It is possible that people following GOP Sen. Ron Johnson's relentless obstruction of science along with his his boundless allegiance
to a President who sought to overthrow the 2020 election might have missed his weekend swerve into science fiction.
No, it was not the first time he looked to the stars and reached a bizarre conclusion:
Sunspots are behind climate change, Johnson says
Also, there's no evidence that Johnson showed up at his party's Wisconsin Dells convention after watching videos of UFOs which is suddenly a thing to do on Capitol Hill.
It seems Johnson decided to dress-and-sum up an attack on his critics with an homage to the 1997 sci-fi film "Contact" - a book by scientist and philosopher Carl Sagan.
The Capital Times reported it this way:
At WI convention, Ron Johnson calls for GOP to 'take back our culture'
"Our little democracy here, this marvel we call America, is but a blip in time. It’s kind of tiny, it’s kind of insignificant on that scale. But man, is it rare and is it ever precious," he said, alluding to the 1997 film "Contact."
The film was thought-provoking, and lead actor Jodie Foster who played a scientist amid other scientists, was terrific.
I did a modest search on Google for lines from the film or elsewhere from Sagan which approached Johnson's appropriation; perhaps Team Johnson was referencing Sagan's famous tiny "Pale Blue Dot."
It has been said that astronomy is a humbling and character-building experience. There is perhaps no better demonstration of the folly of human conceits than this distant image of our tiny world. To me, it underscores our responsibility to deal more kindly with one another, and to preserve and cherish the pale blue dot, the only home we've ever known.
— Carl Sagan, Pale Blue Dot, 1994
Or not.
But it's brutally paradoxical that a politician as contemptuous of science as is Johnson - remember that after his convention speech he made this news -
Fact check: Sen. Ron Johnson (again) misleads on vaccines and reported deaths
- would try and align himself with a thinker like Carl Sagan who understood precisely why science is valuable and how it should be applied in the public sphere:
“Science is a way to call the bluff of those who only pretend to knowledge… It can tell us when we’re being lied to. It provides a mid-course correction to our mistakes.”

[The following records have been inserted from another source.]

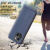 Hillityn tyylikkääseen sinisen sävyyn puettu, linjakkaan mallinen kotelo, joka suojaa kauttaaltaan Apple iPhone 15 -älypuhelinta.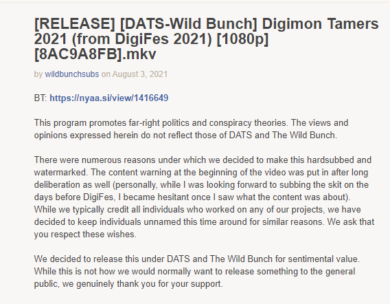 ▼《數碼寶貝》英翻翻譯團隊「The Wild Bunch Fansubs」特別註明,該部朗讀劇含有「帶有右翼政治立場與陰謀論」的註解 (圖/The Wild Bunch Fansubs)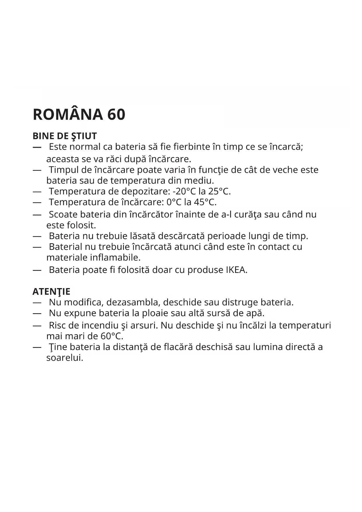 — Este normal ca bateria să e erbinte în timp ce se încarcă; aceasta se va răci după încărcare. — Timpul de încărcare poate varia în funcţie de cât de veche este bateria sau de temperatura din mediu. — Temperatura de depozitare: -20°C la 25°C. — Temperatura de încărcare: 0°C la 45°C. — Scoate bateria din încărcător înainte de a-l curăţa sau când nu este folosit. — Bateria nu trebuie lăsată descărcată perioade lungi de timp. — Baterial nu trebuie încărcată atunci când este în contact cu materiale inamabile. — Bateria poate folosită doar cu produse IKEA. ATENŢIE — Nu modica, dezasambla, deschide sau distruge bateria. — Nu expune bateria la ploaie sau altă sursă de apă. — Risc de incendiu şi arsuri. Nu deschide şi nu încălzi la temperaturi mai mari de 60°C. — Ţine bateria la distanţă de acără deschisă sau lumina directă a soarelui.61 — Păstrează bateria la distanţă de aparate cu voltaj înalt — Acest produs nu este o jucărie, nu lăsa la îndemâna copiilor. Asigur-te că toate persoanele care folosesc acest produs au citi şi urmează instrucţiunile. — Nu scurt-circuita bateria. — În cazul în care există scurgeri, evită ca lichidul să intre în contact cu pielea sau cu ochii.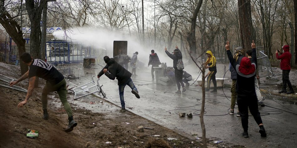 Die taz fasst es so zusammen: „Die griechische Polizei hat am Wochenende mit Wasserwerfern und Tränengas Menschen am Grenzübertritt aus der Türkei gehindert. Am Samstag seien etwa 10.000, am Sonntag weitere 5.500 Menschen gestoppt worden. Vor allem am Grenzübergang Pazarkule drängte die Polizei die Menschen, unter ihnen viele Kinder, gewaltsam zurück. 140 Menschen seien festgenommen worden.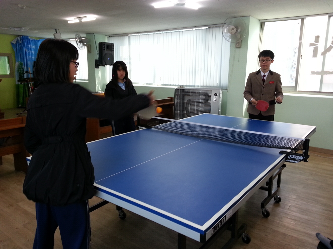 길주중학교 친구들과 같이 탁구치는 사진입니다.
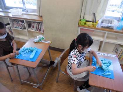 食べ物や生き物なと想像力を働かせながら楽しくつくりました。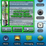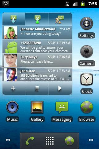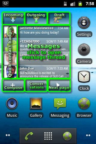 4. SUI SMS Widget Wer hingegen seine komplette SMS-Kommunikation direkt vom Homescreen aus im Blick behalten möchte, wird wahrscheinlich Gefallen an SUI SMS Widget finden. Das 3×3 große Widget zeigt immer vier SMS gleichzeitig an. Durch Berührung des Pfeils in der unteren Ecke können die nächsten vier SMS aufgerufen werden. Außerdem ist es ebenfalls möglich, nur selbst versendete SMS darzustellen oder direkt zur Eingabe einer neuen SMS zu springen. Auch SUI SMS Widget kann kostenlos aus dem Android Market heruntergeladen werden.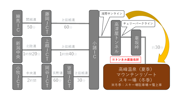 - 東京から 関越道~上信越道⇒高峰温泉 2時間半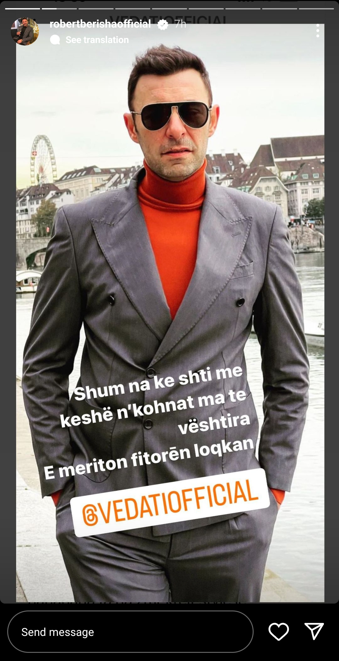 Së fundmi në anën e Vedatit, është pozicionuar këngëtari dhe moderatori, Robert Berisha.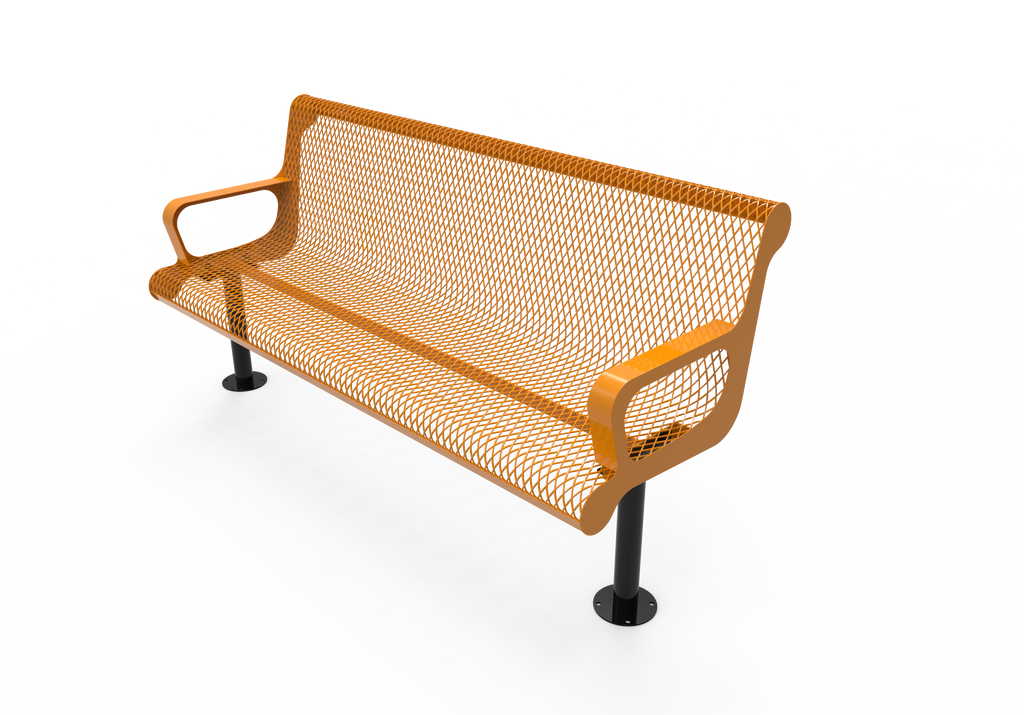 Elevate comfort, stability, and community spirit with the MyTCoat 4' - 6' Contoured Bench with Arm - Expanded Metal - Surface Mount (SKU BCA04)!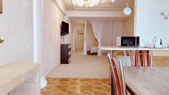 В каждом апартаменте есть зона спальни и кухни, что позволяет и отдохнуть, и при желании приготовить завтрак, обед или ужин.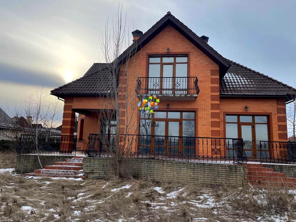Будинок з червоної цегли, із залізобетонним перекриттям, кровля- керамічна натуральна черепиця TONDACH. Бетонні сходи. Стіни-цегла марки М-72, фасад СБК. Фасад і дах будинку утеплений, просторі кімнати з високими стелями, будинок із другим світлом, із другого поверху вид на озеро «Золоче», з ділянки власний вихід до озера.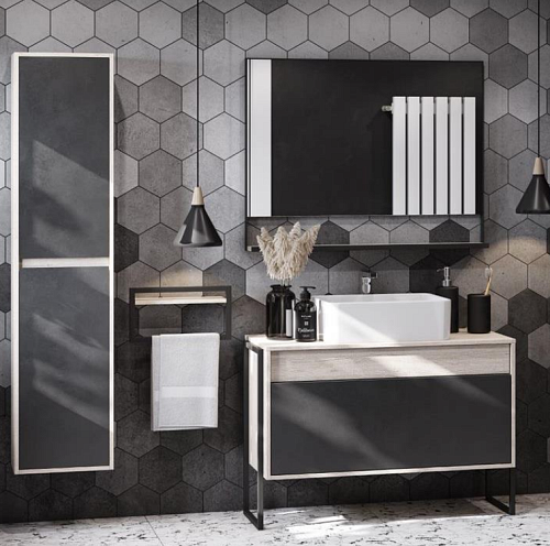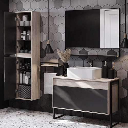 В качестве дополнительного места для хранения можно использовать шкаф-колонну с двумя отделениями. Фасады, как и у тумбы, выполнены в цвете графит с эффектом perfect touch и снабжены удобными интегрированными ручками. За фасадами находятся полочки, на которые можно разместить все необходимые принадлежности. Верхняя и нижняя полки имеют возможность регулировки по высоте.

And I did find in my Google search a link to something Sagan wrote which points to the place in contemporary politics which Johnson has carved out for himself, to Wisconsin's shame:
“One of the saddest lessons of history is this: If we’ve been bamboozled long enough, we tend to reject any evidence of the bamboozle. We’re no longer interested in finding out the truth. The bamboozle has captured us. It’s simply too painful to acknowledge, even to ourselves, that we’ve been taken. Once you give a charlatan power over you, you almost never get it back.”